File backup is especially important in financial institutions where the loss of images, spreadsheets, MP3s and email correspondence can severely impact operations. Backup and synchronization programs can backup files to any location, external device, over the Internet or to a remote server.

There are three primary synchronization implementation strategies, each of which can be tailored to a bank's specific requirements:

  • Multiple workstations, servers and locations, including multiple branches;
  • Multiple workstations in a single office environment; and,
  • Remote users logged into a network server.
  • In a multiple workstation, server and location environment, known as the star topology, a central switch, hub or computer serves as a conduit for the transmission of messages across the network. Software on each user workstation backs up data several times daily to a central server. For added protection, banks often (and should) maintain multiple backup copies of user data in disparate geographic locations. In a multiple branch environment, all workstations should be synchronized both to a local file server, which, in turn synchronizes to other local servers across the enterprise.
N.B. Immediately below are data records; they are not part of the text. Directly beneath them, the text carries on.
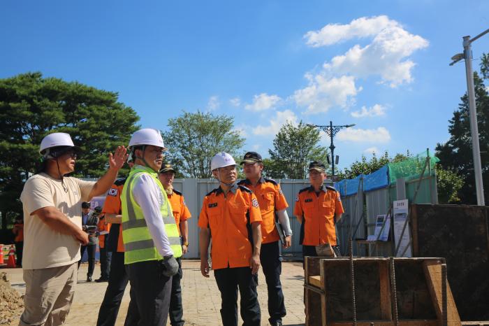 이번 점검은 공사 중인 만찬장과 미디어센터의 화재 예방 상태는 물론, 행사장 주요시설과 피난·구조설비 등 전반적인 안전 요소에 대한 점검에 집중되었으며, 사고 발생 시 신속한 현장 대응이 가능하도록 각종 준비 사항을 철저히 살폈다.
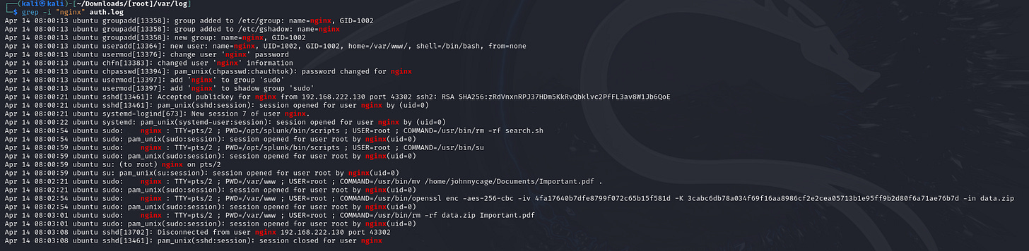 - Key Finding: The `search.xsl` file shows the attacker creating a user with SSH access.
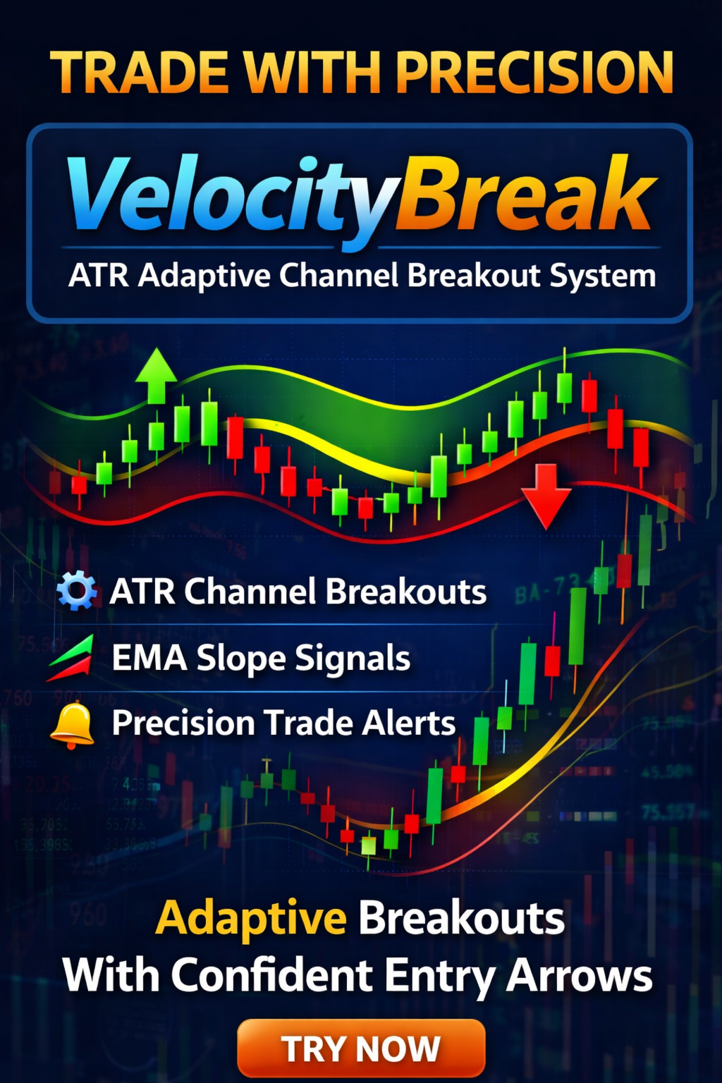 Conceito Principal: Combina canais dinâmicos baseados em ATR com filtragem de inclinação de EMA para identificar breakouts reais, minimizando sinais falsos.
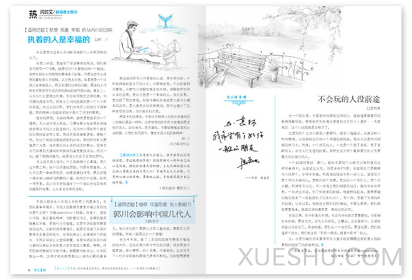 《意林·作文素材》雜志緊緊把握時代脈搏,所選取知識都是與生活息息相關,很有時代感的知識,講解非常詳細,可讀性強,深入淺出,是一本開闊視野、開拓思維的雜志。一本塑造正確,健康的價值觀的雜志,多年以來始終以弘揚人類優秀文化為己任,堅持把社會效益放在首位,努力貼近讀者生活,深受廣大讀者的青睞。
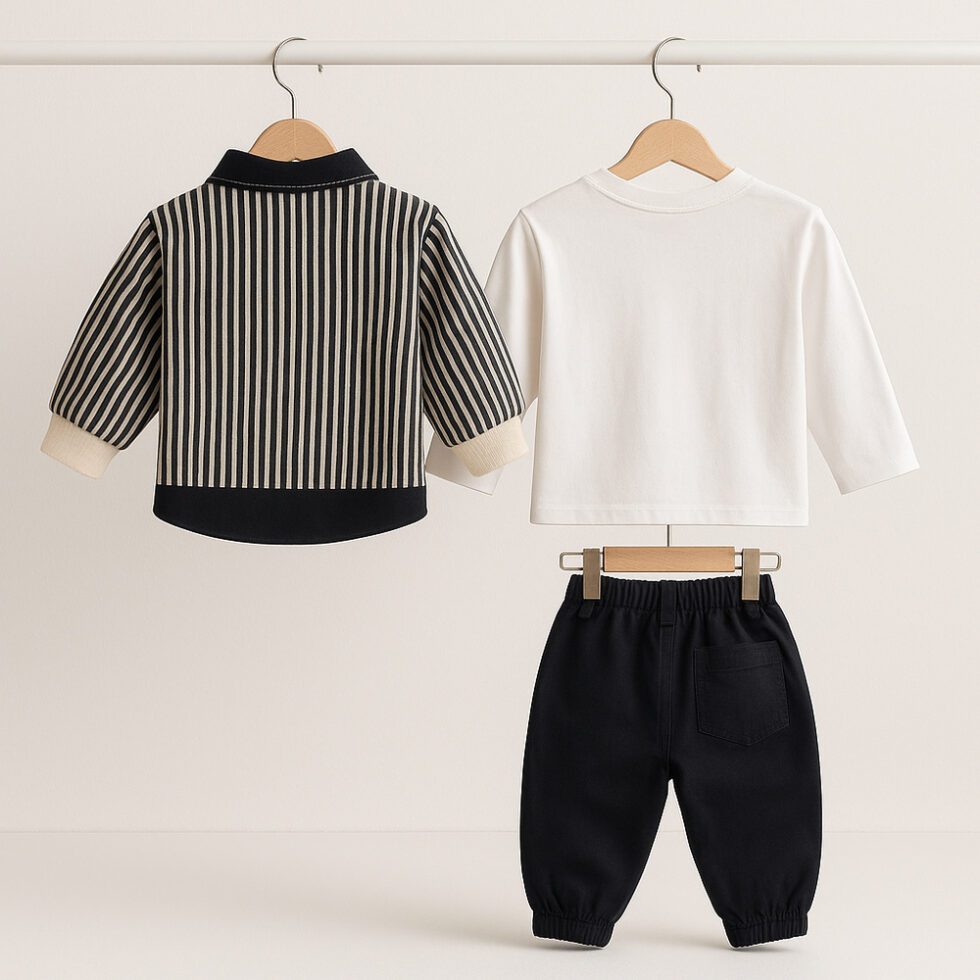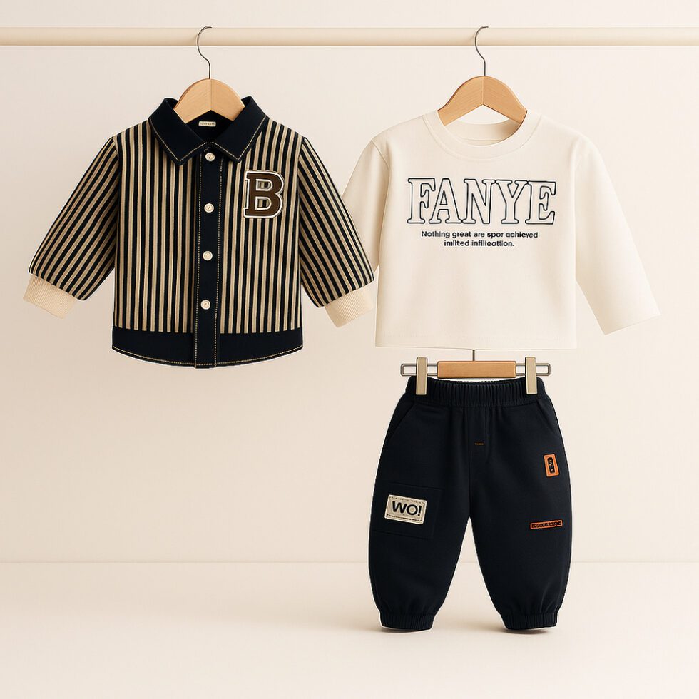 Give your child a smart and stylish look with this premium boys casual clothing set from Salty Pumpkin. This complete kids outfit combo for boys includes a striped shirt, a soft printed tee, and matching jogger pants — perfect for modern everyday fashion.

    Data synchronization in a "multiple workstations in a single office environment" presents a less-daunting challenge, as it merely requires regular data backup to the local file server. For added protection, banks can purchase additional disk space or rent a server from an IT service provider, periodically synchronizing the local server with the third-party server through a secure connection.

    In environments where remote users log into a network server using Citrix or another remote desktop connection, data synchronization and backup software should be configured to synchronize all user data on the remote access servers, with copies on a backup server.

    It's imperative for banks and financial institutions of all sizes to have a reliable data synchronization and backup plan that is increasingly more affordable. Data synchronization enables banks to quickly and cost-effectively develop and implement a full-featured solution that ensures the safety and accessibility of even the most critical data, and is a great first step towards a full disaster recovery plan.

    Bill Carey is the Vice President of Marketing and Business Development at Siber Systems Inc. (Fairfax, Va.).